Data for analysis:
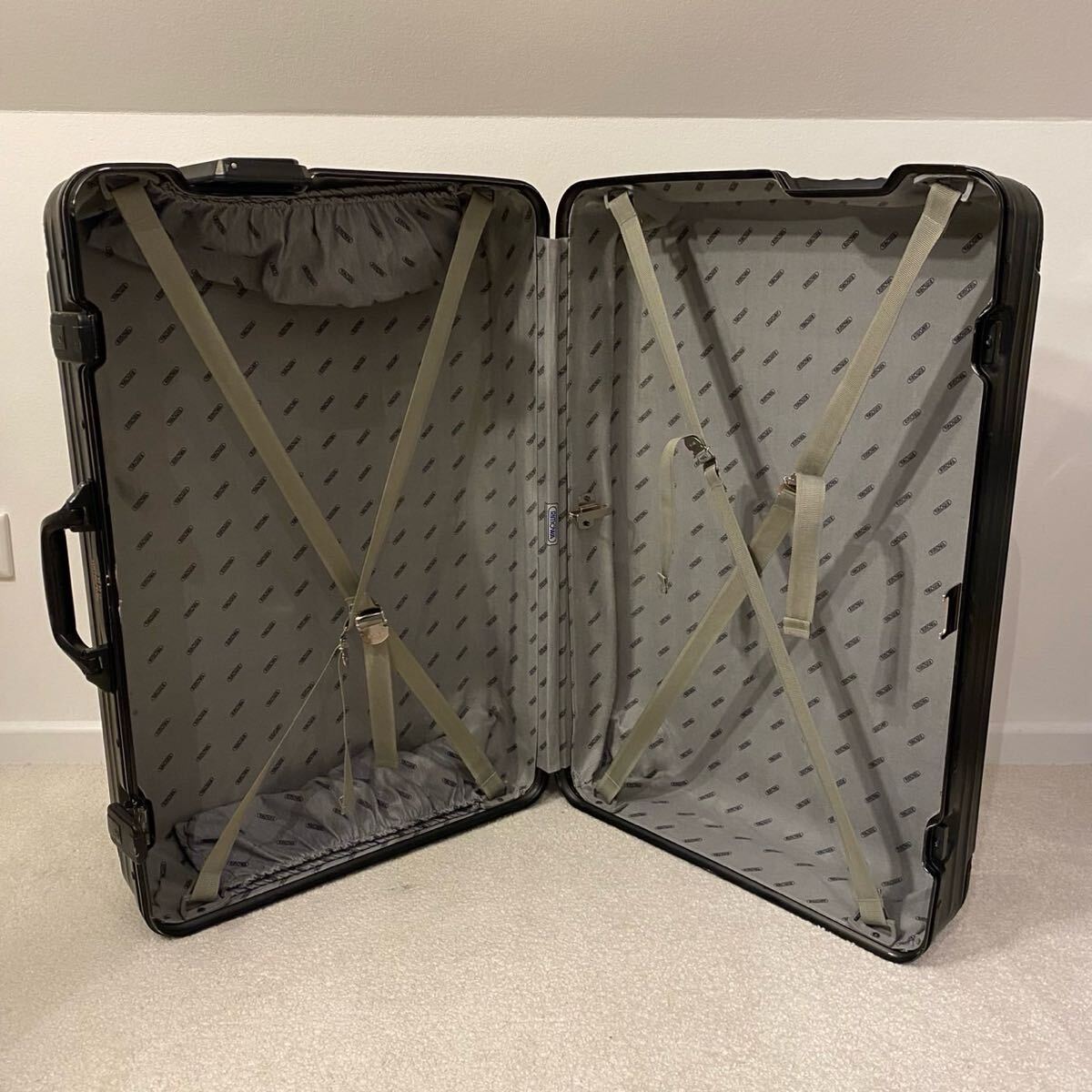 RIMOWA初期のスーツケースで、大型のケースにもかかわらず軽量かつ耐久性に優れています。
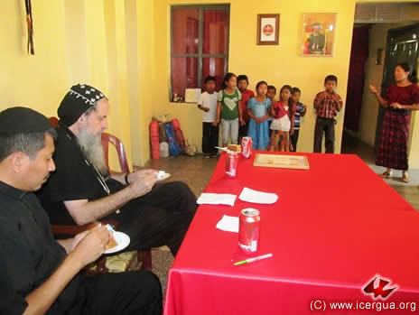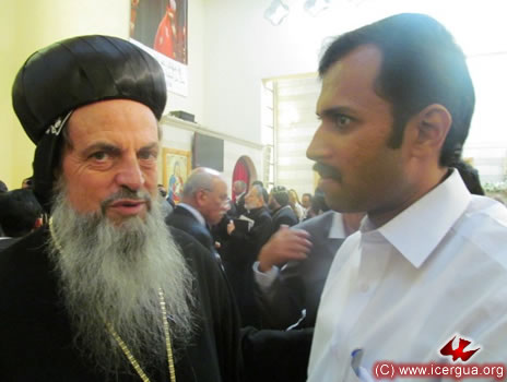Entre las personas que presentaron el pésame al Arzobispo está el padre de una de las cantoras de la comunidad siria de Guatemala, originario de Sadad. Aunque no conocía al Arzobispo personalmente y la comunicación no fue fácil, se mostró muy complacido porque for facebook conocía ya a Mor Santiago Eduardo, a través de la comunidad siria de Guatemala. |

--

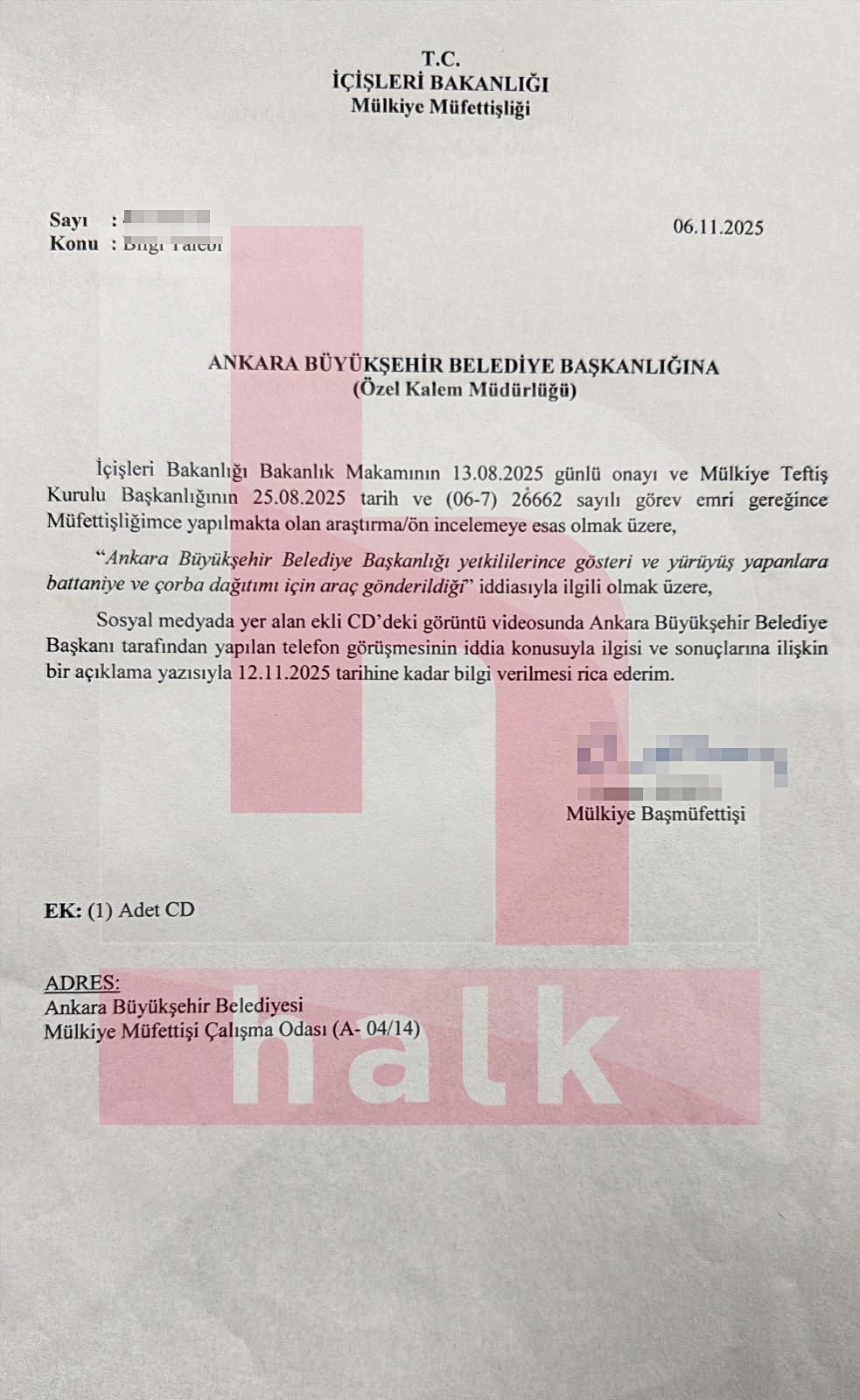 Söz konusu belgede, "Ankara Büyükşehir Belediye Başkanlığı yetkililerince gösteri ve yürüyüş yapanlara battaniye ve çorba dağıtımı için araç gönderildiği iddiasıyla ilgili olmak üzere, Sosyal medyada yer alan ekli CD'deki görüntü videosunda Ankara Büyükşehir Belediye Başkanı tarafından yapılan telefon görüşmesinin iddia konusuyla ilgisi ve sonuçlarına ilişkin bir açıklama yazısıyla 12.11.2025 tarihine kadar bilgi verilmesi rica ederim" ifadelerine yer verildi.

Prompt: Transcribe, word for word, the lines of the listing above from the one that contains "RIMOWA初期のスーツケー" through the one that contains "Entre las personas", keeping both ends and dropping the pictures.

Solved problem:
 RIMOWA初期のスーツケースで、大型のケースにもかかわらず軽量かつ耐久性に優れています。
Entre las personas que presentaron el pésame al Arzobispo está el padre de una de las cantoras de la comunidad siria de Guatemala, originario de Sadad. Aunque no conocía al Arzobispo personalmente y la comunicación no fue fácil, se mostró muy complacido porque for facebook conocía ya a Mor Santiago Eduardo, a través de la comunidad siria de Guatemala. |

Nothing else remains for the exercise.